## TO DO
From the material below, please set down exactly the lines starting with the one with "Angel Wicky, Blanche" and going on through the one with "障害レース界の絶対王者「オジ", without a single picture.

## RECORDS FOR THIS EXERCISE
◇ ◇ ◇ ◇ ◇ ◇ ◇

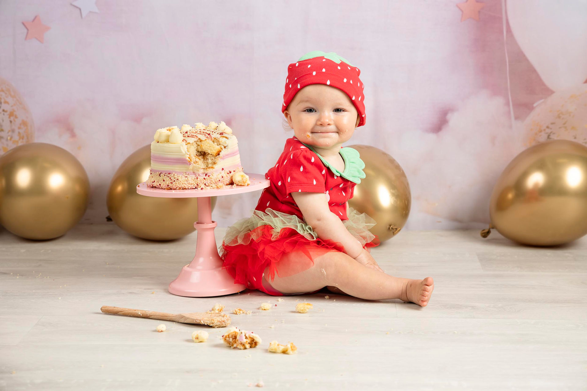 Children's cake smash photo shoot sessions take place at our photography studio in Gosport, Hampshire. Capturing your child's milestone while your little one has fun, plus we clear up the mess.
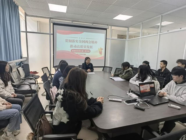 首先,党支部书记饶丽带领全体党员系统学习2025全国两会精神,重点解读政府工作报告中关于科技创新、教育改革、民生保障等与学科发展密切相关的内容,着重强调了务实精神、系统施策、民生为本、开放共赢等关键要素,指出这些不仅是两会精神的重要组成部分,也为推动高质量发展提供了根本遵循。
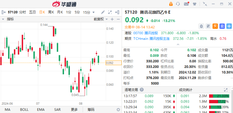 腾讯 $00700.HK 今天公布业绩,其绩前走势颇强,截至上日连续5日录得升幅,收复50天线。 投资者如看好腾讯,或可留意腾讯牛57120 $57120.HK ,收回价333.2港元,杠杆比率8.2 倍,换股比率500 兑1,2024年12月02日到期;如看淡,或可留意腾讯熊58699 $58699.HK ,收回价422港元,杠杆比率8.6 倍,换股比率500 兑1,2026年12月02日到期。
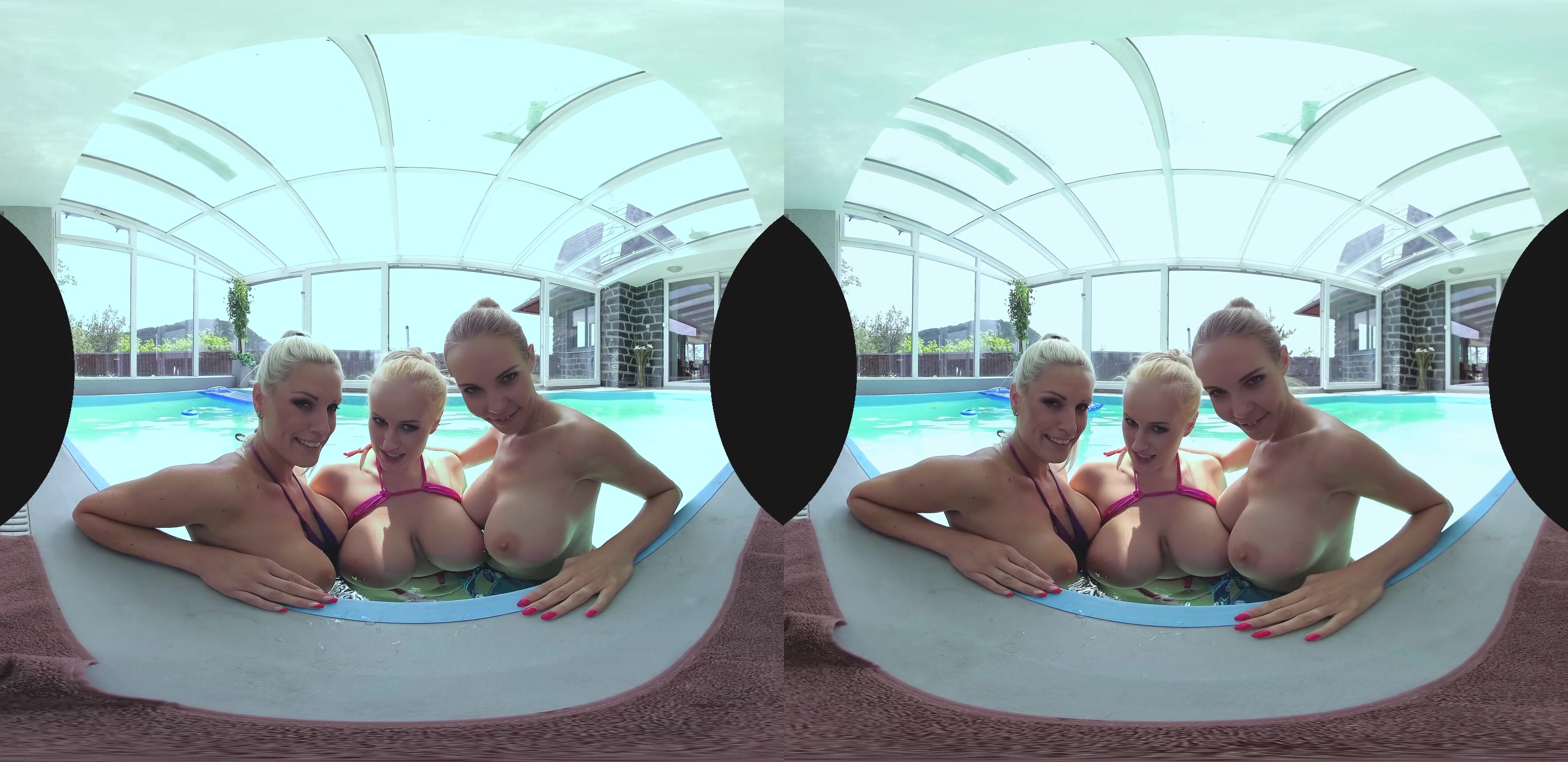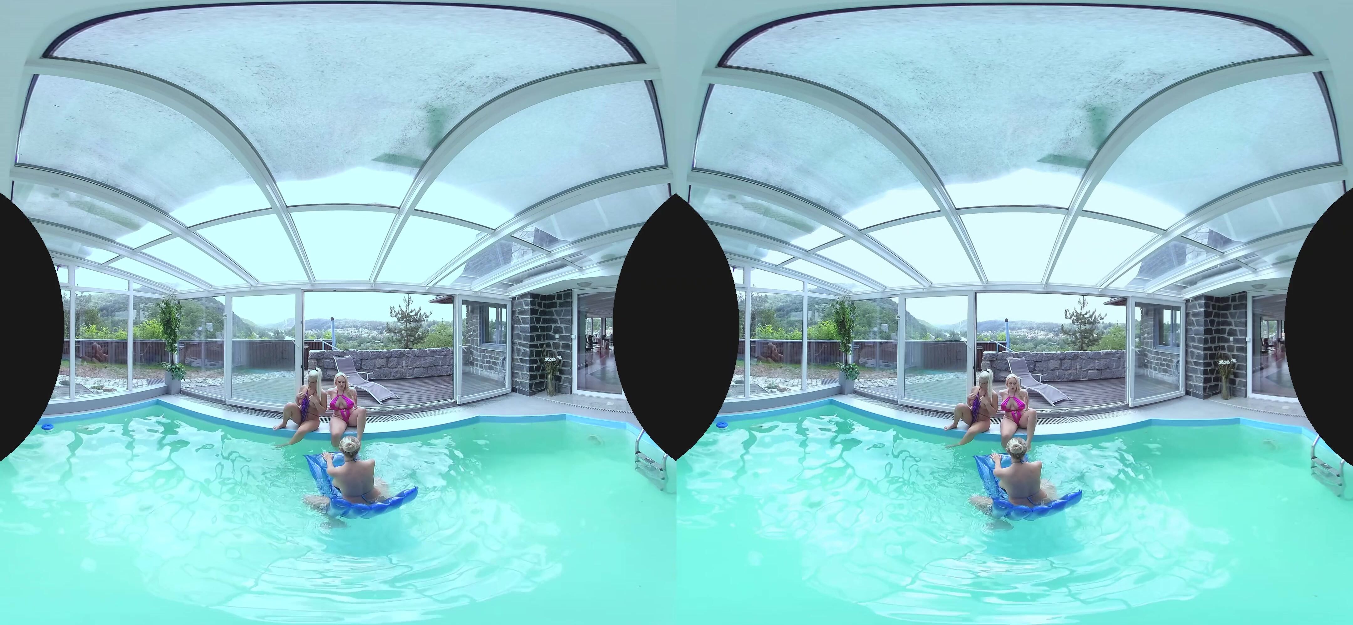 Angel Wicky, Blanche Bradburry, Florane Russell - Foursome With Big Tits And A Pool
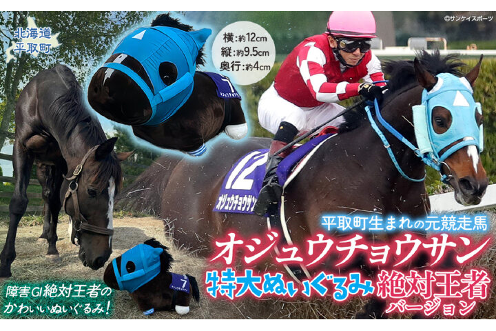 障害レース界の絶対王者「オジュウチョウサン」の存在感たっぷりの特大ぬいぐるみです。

◇ ◇ ◇ ◇ ◇ ◇ ◇

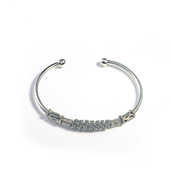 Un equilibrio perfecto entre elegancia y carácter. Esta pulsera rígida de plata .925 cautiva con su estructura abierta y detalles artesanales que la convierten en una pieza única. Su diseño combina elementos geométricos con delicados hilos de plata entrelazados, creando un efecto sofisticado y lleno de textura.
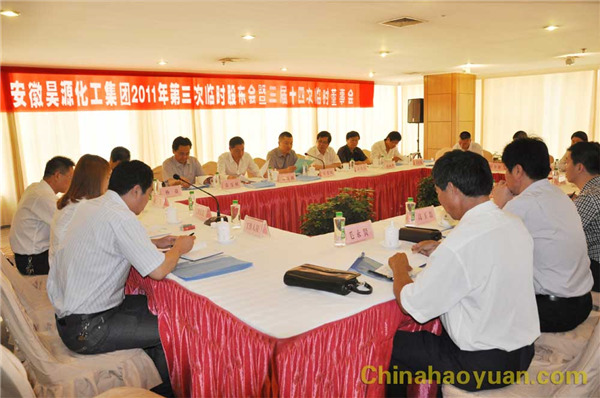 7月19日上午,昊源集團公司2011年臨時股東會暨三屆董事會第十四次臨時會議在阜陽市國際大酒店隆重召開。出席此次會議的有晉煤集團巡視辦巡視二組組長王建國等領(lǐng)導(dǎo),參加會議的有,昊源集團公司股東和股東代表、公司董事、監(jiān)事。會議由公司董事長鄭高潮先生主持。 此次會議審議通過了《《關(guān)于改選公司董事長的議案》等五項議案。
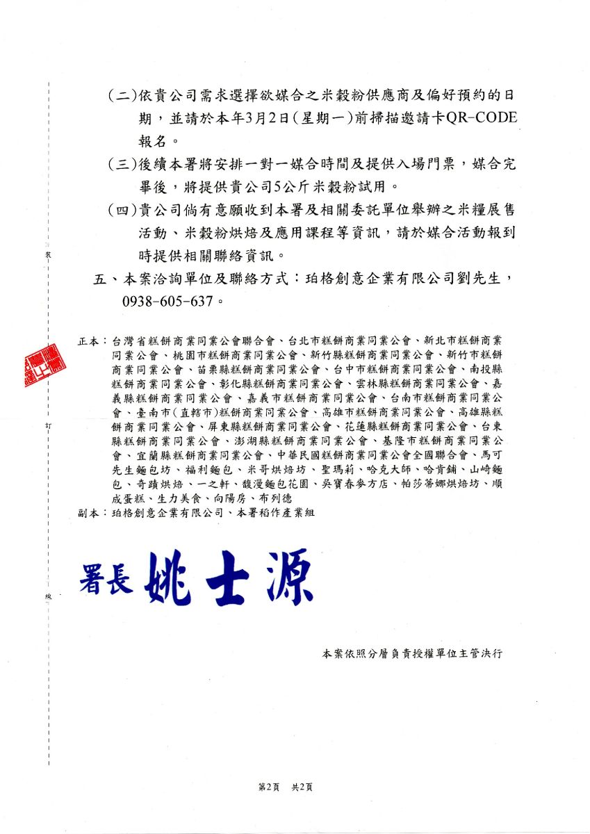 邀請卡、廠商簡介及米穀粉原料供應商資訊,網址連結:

◇ ◇ ◇ ◇ ◇ ◇ ◇

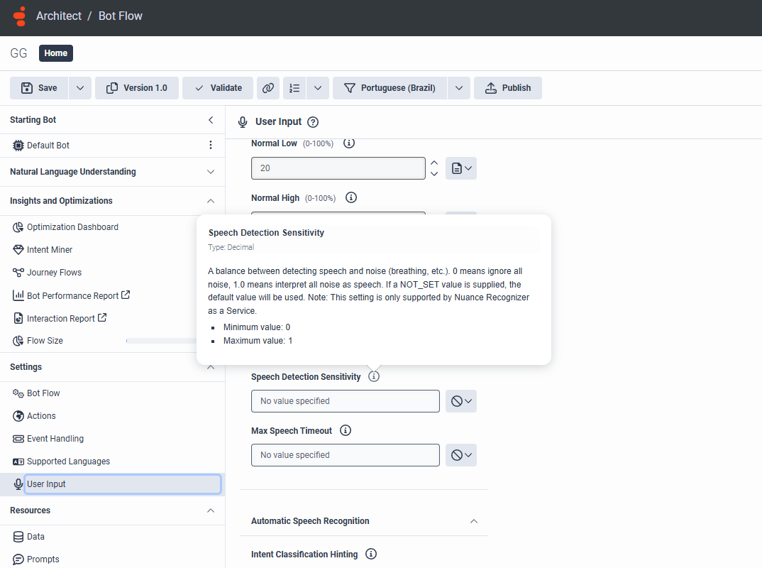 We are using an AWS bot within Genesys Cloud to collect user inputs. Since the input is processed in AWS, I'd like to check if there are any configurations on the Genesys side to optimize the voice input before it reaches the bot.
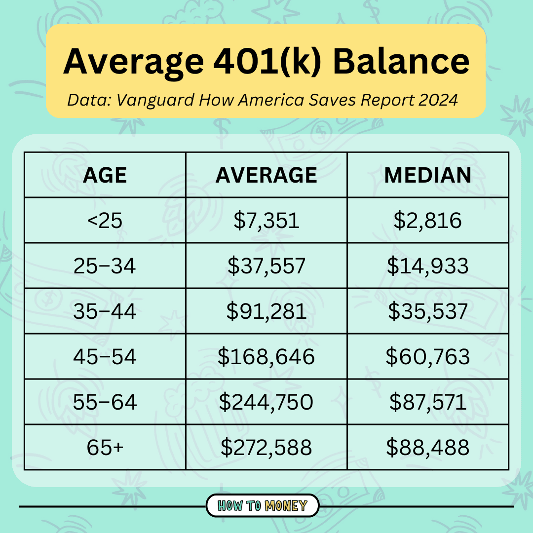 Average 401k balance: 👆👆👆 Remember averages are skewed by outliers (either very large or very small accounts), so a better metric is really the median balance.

◇ ◇ ◇ ◇ ◇ ◇ ◇

## EXERCISE RESPONSE
 Angel Wicky, Blanche Bradburry, Florane Russell - Foursome With Big Tits And A Pool
 障害レース界の絶対王者「オジュウチョウサン」の存在感たっぷりの特大ぬいぐるみです。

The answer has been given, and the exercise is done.